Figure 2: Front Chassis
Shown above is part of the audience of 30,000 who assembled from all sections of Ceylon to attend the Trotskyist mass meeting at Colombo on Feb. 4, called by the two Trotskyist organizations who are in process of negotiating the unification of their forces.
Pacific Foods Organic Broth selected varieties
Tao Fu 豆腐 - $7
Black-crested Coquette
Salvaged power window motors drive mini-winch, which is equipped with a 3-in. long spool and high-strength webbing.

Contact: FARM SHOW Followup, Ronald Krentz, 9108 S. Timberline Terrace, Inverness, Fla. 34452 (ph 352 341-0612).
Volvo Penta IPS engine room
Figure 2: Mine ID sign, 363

————————

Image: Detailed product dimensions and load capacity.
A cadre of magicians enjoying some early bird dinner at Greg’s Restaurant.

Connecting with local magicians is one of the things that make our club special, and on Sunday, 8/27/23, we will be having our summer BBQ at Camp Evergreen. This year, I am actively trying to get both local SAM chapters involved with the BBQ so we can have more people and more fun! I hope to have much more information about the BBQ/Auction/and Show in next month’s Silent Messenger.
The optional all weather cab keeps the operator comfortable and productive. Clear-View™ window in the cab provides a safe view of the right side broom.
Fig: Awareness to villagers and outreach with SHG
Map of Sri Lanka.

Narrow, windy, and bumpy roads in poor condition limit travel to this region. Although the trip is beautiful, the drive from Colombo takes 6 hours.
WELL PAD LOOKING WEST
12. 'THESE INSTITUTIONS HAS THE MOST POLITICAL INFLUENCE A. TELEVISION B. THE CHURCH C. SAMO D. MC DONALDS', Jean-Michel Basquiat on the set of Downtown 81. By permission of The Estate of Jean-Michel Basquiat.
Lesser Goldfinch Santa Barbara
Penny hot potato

————————

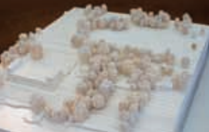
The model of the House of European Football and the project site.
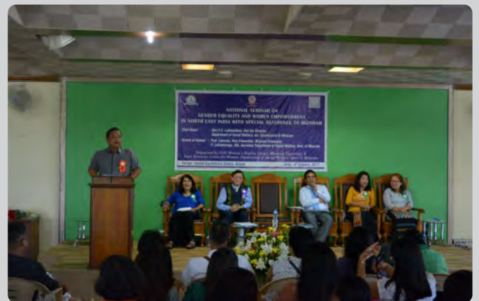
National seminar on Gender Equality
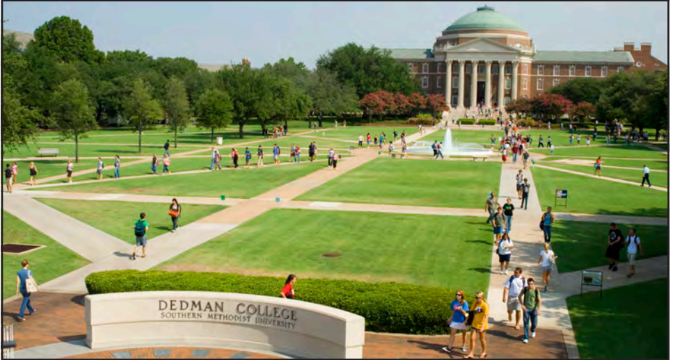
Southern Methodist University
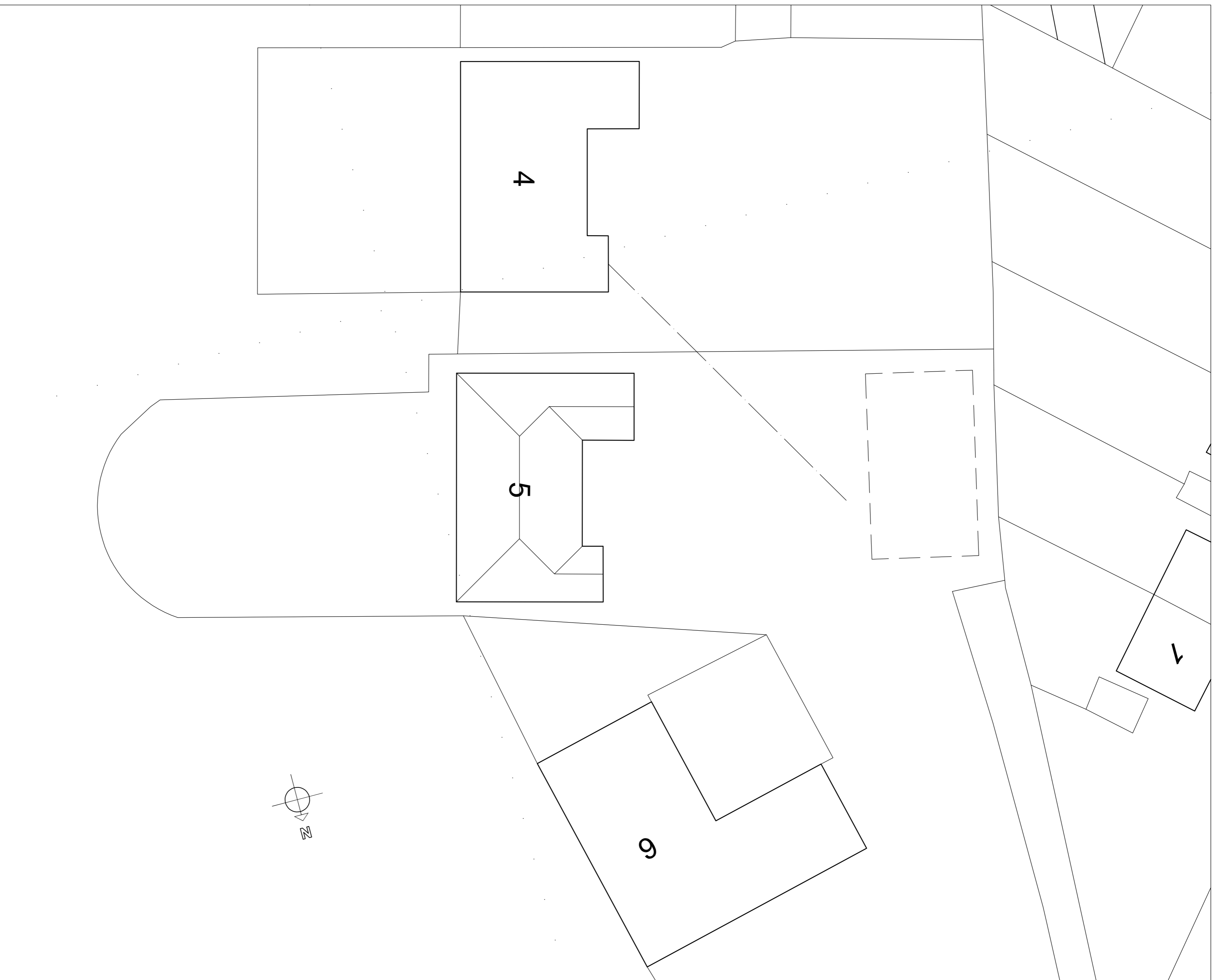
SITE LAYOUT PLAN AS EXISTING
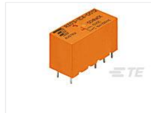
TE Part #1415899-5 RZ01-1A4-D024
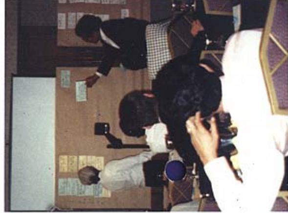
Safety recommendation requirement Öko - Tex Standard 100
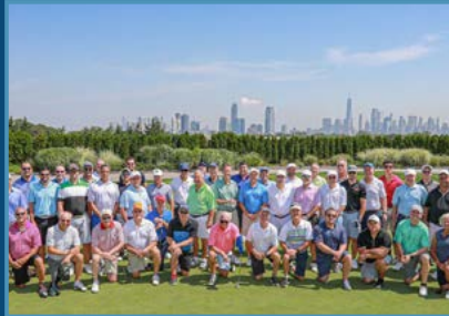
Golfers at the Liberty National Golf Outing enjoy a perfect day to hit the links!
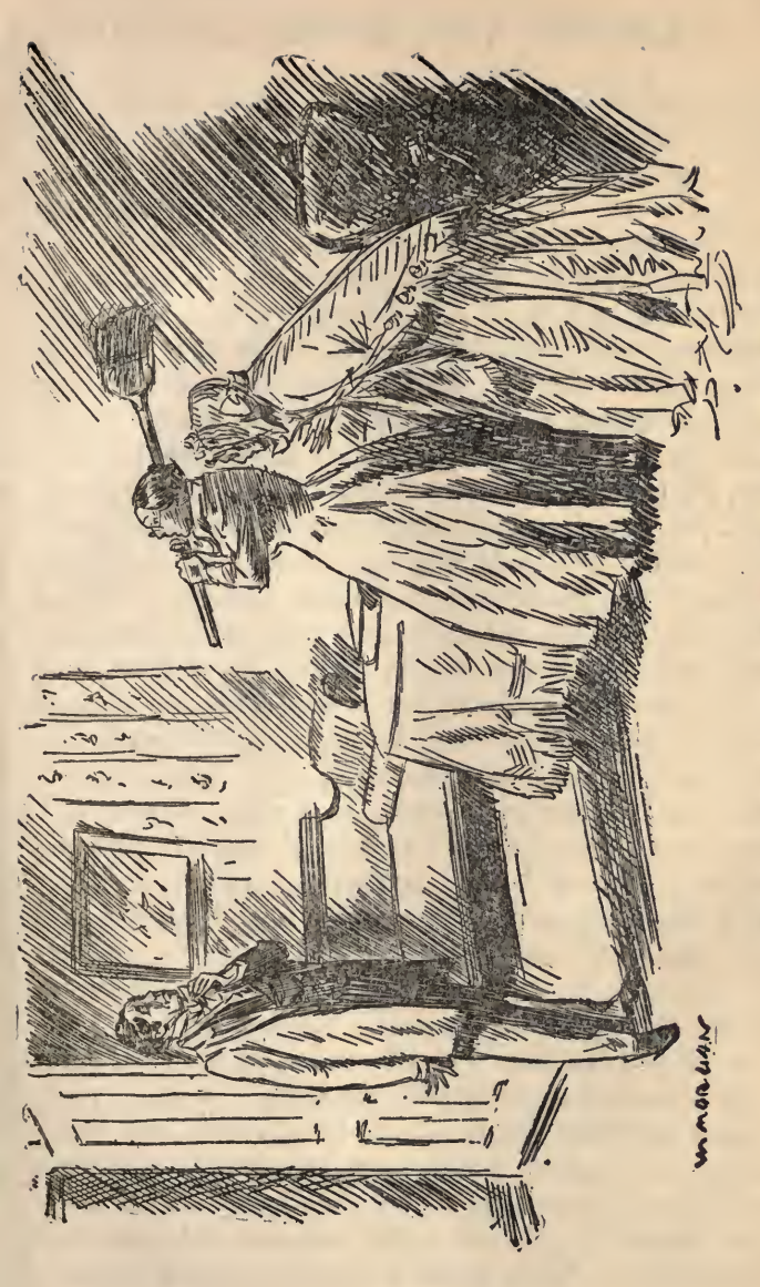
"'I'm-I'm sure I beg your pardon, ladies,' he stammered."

————————

• [Task objective] The expected answer is an exact copy of the lines above, beginning at the line with "Pacific Foods Organic" and ending at the line with "Figure 2: Mine ID sign, 363", with both ends in.

• [Task response]
Pacific Foods Organic Broth selected varieties
Tao Fu 豆腐 - $7
Black-crested Coquette
Salvaged power window motors drive mini-winch, which is equipped with a 3-in. long spool and high-strength webbing.

Contact: FARM SHOW Followup, Ronald Krentz, 9108 S. Timberline Terrace, Inverness, Fla. 34452 (ph 352 341-0612).
Volvo Penta IPS engine room
Figure 2: Mine ID sign, 363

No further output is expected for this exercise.